Kernel regression is activated when MILADY is executed in the mode ml_type=1. The generation of a kernel potential is made in two steps as it is described in Examples : (i) firstly, using ml_type=-2 mode with an appropriate algorithm we choose the sparse points that define the kernel and (ii) the parametrization of the kernel using the mode ml_type=1. Here we will note the options for the first step as \(k_1\), whilst for the second \(k_2\).

Kernels definitions

kernel_type (integer),

\(k_2\) option.

  • kernel_type = 1 Square-exponential kernel

    (1)\[\tilde{k}(\mathbf{D}^{s,a}, \mathbf{x}^m) = \sigma_{SE}^2 \exp{-\frac{|\mathbf{D}^{s,a} - \mathbf{x}^m |^2}{2l_{SE}^2}}\]

    the values to define are \(\sigma_{SE}\) and \(l_{SE}\).

  • kernel_type = 4 Polynomial kernel shifted

    (2)\[\tilde{k}(\mathbf{D}^{s,a}, \mathbf{x}^m) = \left(\sigma_{SE}^2 + \frac{\mathbf{D}^{s,a} \cdot \mathbf{x}^m }{2l_{SE}^2} \right)^p\]

    the values to define are \(\sigma_{SE}\), \(l_{SE}\) and \(p\).

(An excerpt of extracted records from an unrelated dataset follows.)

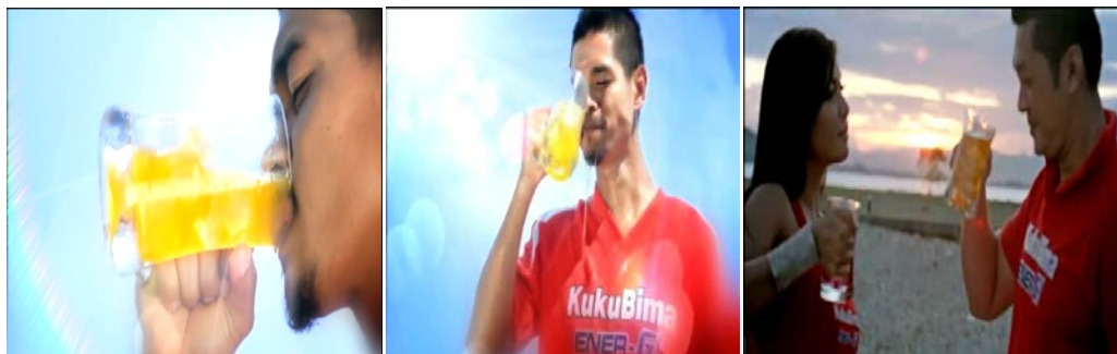
Gb 22. Teknik Kamera Close up untuk Menangkap Ekspresi Kepuasan Endorser Menikmati Produk KBE

Gambar close up yang terdapat didalam iklan KBE versi Maluku lainnya adalah untuk menampilkan ekspresi para endorser ketika minum Kuku Bima Ener-G. Wajah Bambang Pamungkas saat minum dan setelah minum di tampilkan secara close up dengan fokus pada dua tanda yakni wajah Bambang Pamungkas dan gelas besar yang berisi minuman KBE. Denada dan Dony Kusuma juga diperlihatkan melakukan aktivitas minum KBE dari gelas besar dengan latar belakang suasana pantai yang sedang berganti dari sore menuju malam.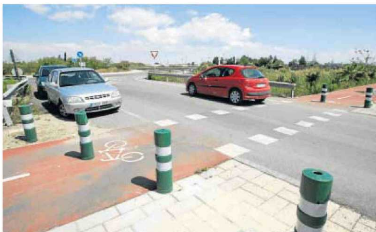
Más de 2.500 metros cuadrados rodean las instalaciones del campus.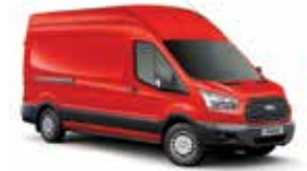
COLORADO RED - 4A7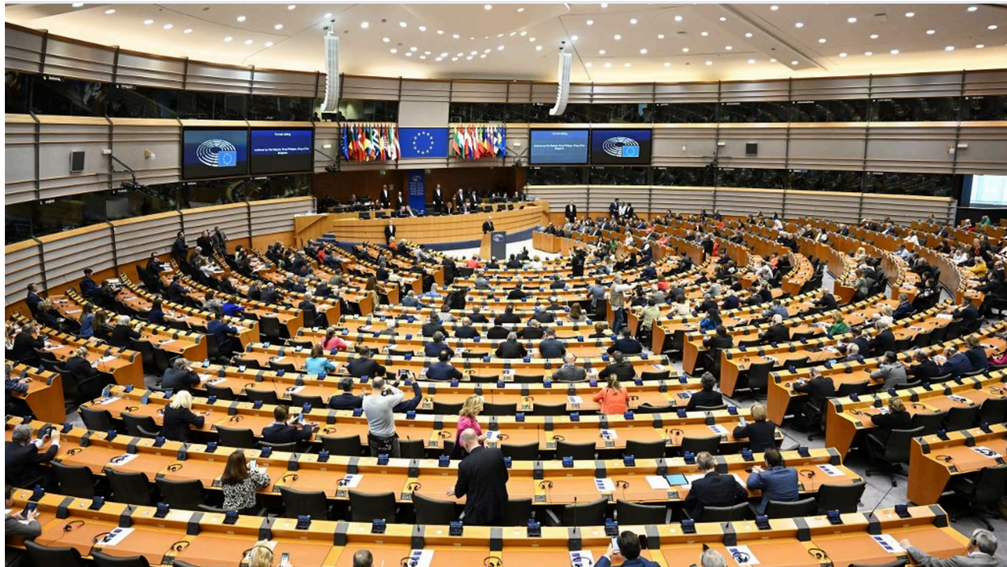
Une séance du Parlement européen, le 10 avril 2024 à Bruxelles (Belgique).

Le pacte validé par les eurodéputés mercredi prévoit notamment une procédure accélérée pour examiner des demandes d'asile, à proximité des frontières extérieures, via un système de "filtrage" obligatoire et préalable à l'entrée d'un migrant dans l'UE.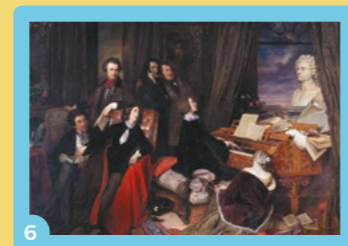
6 Visioconférence « Dumas et la génération des romantiques : une passion pour l'histoire », le 27 mars, animée par Sylvain Ledda.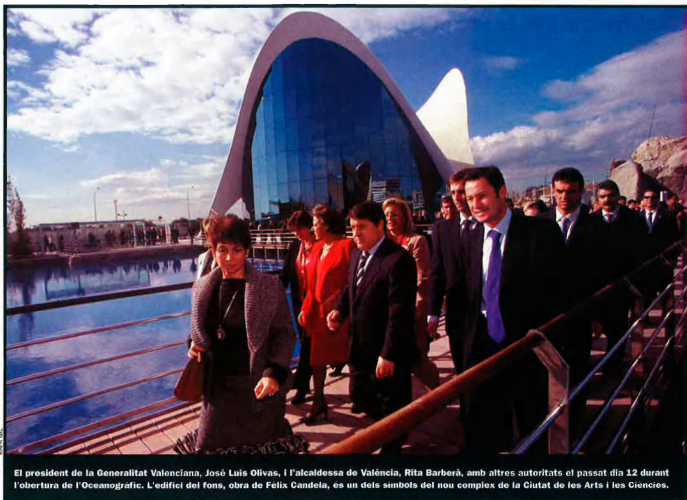
El president de la Generalitat Valenciana, José Luis Olivas, i l'alcalde de València, Rita Barberà, amb altres autoritats el passat dia 12 durant l'obertura de l'Oceanogràfic. L'edifici del fons, obra de Félix Candela, és un dels símbols del nou complex de la Ciutat de les Arts i les Ciències.

la Ciutat de les Arts va perdre l'any passat 36 milions d'euros. L'Hemisfèric i el Museu de les Ciències presenten saldos negatius i ni tan sols l'immens aparcament, que hauria de ser l'element més rendible de tot el complex, resulta beneficiós. Els problemes constants de finançament han provocat des de la constitució de la societat que gestiona la Ciutat de les Arts nombroses injeccions de fons. Aquesta complicada situació econòmica de Cacsà es detectava ja al 2000, quan la Generalitat va haver de salvar de la "fallida tècnica" la Ciutat de les Arts amb una ampliació de capital, una operació que va haver de repetir l'exercici passat.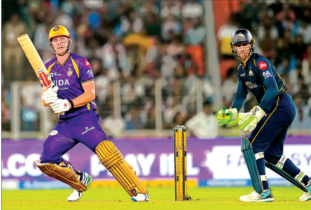
शॉट लगाते कोलकाता नाइट राइडर्स के बल्लेबाज कैमरून ग्रीन।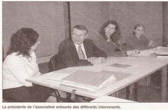
La présidente de l'association entourée des différents intervenants.

A l'issue de ce débat, les rapports moral et financier étaient adoptés à l'unanimité et un nouveau bureau devrait être constitué dans les prochains jours, suite au départ d'un membre de l'association. La séance se terminait par la dégustation de galettes des rois.

  • kernel_type = 5 Polynomial kernel scaled

    (3)\[\tilde{k}(\mathbf{D}^{s,a}, \mathbf{x}^m) = \sigma_{SE}^2 \left( \frac{\mathbf{D}^{s,a} \cdot \mathbf{x}^m }{|\mathbf{D}^{s,a}| |\mathbf{x}^m|} \right)^p\]

    the value to define \(\sigma_{SE}\) and \(p\).

  • kernel_type = 6 Mahalanobis - Batchattarya kernel

    (4)\[\tilde{k}(\mathbf{D}^{s,a}, \mathbf{D}^m) = \left[ \left( \mathbf{D}^{s,a} - \mathbf{x}^m \right)^\top \Sigma^{-1} \left( \mathbf{D}^{s,a} - \mathbf{x}^m \right) \right]^p\]

    \(p\) should be defined. For the case \(p=1/2\) there is Mahalanobis distance.

  • kernel_type = 7 Square-exponential kernel for which the covariance matrix is sampled randomly on some linear basis. The only parameter to define is sigma_kernel ( typical value is sigma_kernel = 0.05 but try more values to be sure that it is adapted for your descriptor).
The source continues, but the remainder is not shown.